Bu arada, Irak merkezi hükümetiyle mezhepsel farklılık siyaseti ve Iraklı radikal Sünni gruplara verdiği destek yüzünden arası bozulan Erdoğan, Kürt bölgesel yönetimiyle işbirliği yapmaya başladı. Barzani bu siyasi manevra kapsamında artık AKP toplantılarında “Türkiye seninle gurur duyuyor” sloganları eşliğinde Kürtçe konuşmalar yapıyor, Ankara’da göndere Kürt bayrağı çekiliyor, Diyarbakır’da Barzani ile beraber Kürt flamaları önünde “megri-megri” Türküleri söyleniyordu. Türkiye on yıllarca Kürt bağımsızlığına karşı durmuş, derin devlet on yıllarca Kuzey Irak bölgesini birinci dereceden güvenlik meselesi olarak algılamıştı. Şimdi bu yaklaşım, Erdoğan’ın Osmanlıcılık ve bölgesel hâkimiyet hayalleri odaklı gerçeklikten kopuk bir dış politika hezeyanı içerisinde terk edilmiş, Kürt bağımsızlığına giden yolda Türkiye en birincil rolü oynamaya başlamıştı. Tek petrol satış rotası olan Türkiye rotası, milyarlarca dolarlık petrol zengini bir Kürdistan’ı var ediyor, Irak merkezi devletiyle bu gelirleri paylaşması gereken Kürdistan yönetimi, buna riayet etmiyordu.
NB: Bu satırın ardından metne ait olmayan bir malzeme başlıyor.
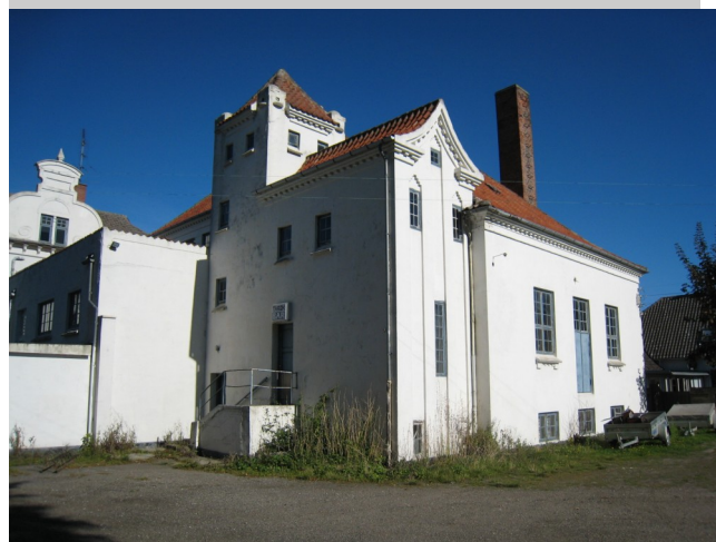
2010: Bagsiden af ØP.

2010 Steen Hauerbach sætter ØP til salg for 3.495.000 kr.

Ve bu işi Türkiye ile beraber yapıyorlar, Irak merkezi hükümetinin altını Erdoğan’la beraberce oyuyorlardı.

Yine önceki bölümde değindiğim üzere, Türkiye’nin Başika’da bulunan askeri varlığı, Türkiye’nin izlediği düşmanca tutum nedeniyle Irak merkezi hükümetince ülke dışına atılmak isteniyor, hatta buna ABD bile destek veriyor, ancak Erdoğan, Barzani ile anlaşarak bu istekleri geri çeviriyordu. Evet, ABD bile Irak’ı parçalanmaya götürecek gidişat karşısında, merkezi hükümete destek veriyor, Kürtleri dizginlemeye çalışıyordu. Ama Erdoğan rejimi, kısa dönemlik beklentiler ve hayaller üzerine inşa edilen bir düş-politika nedeniyle ısrarla gerçeklerle arasında bağlantı kurmaya yanaşmıyordu.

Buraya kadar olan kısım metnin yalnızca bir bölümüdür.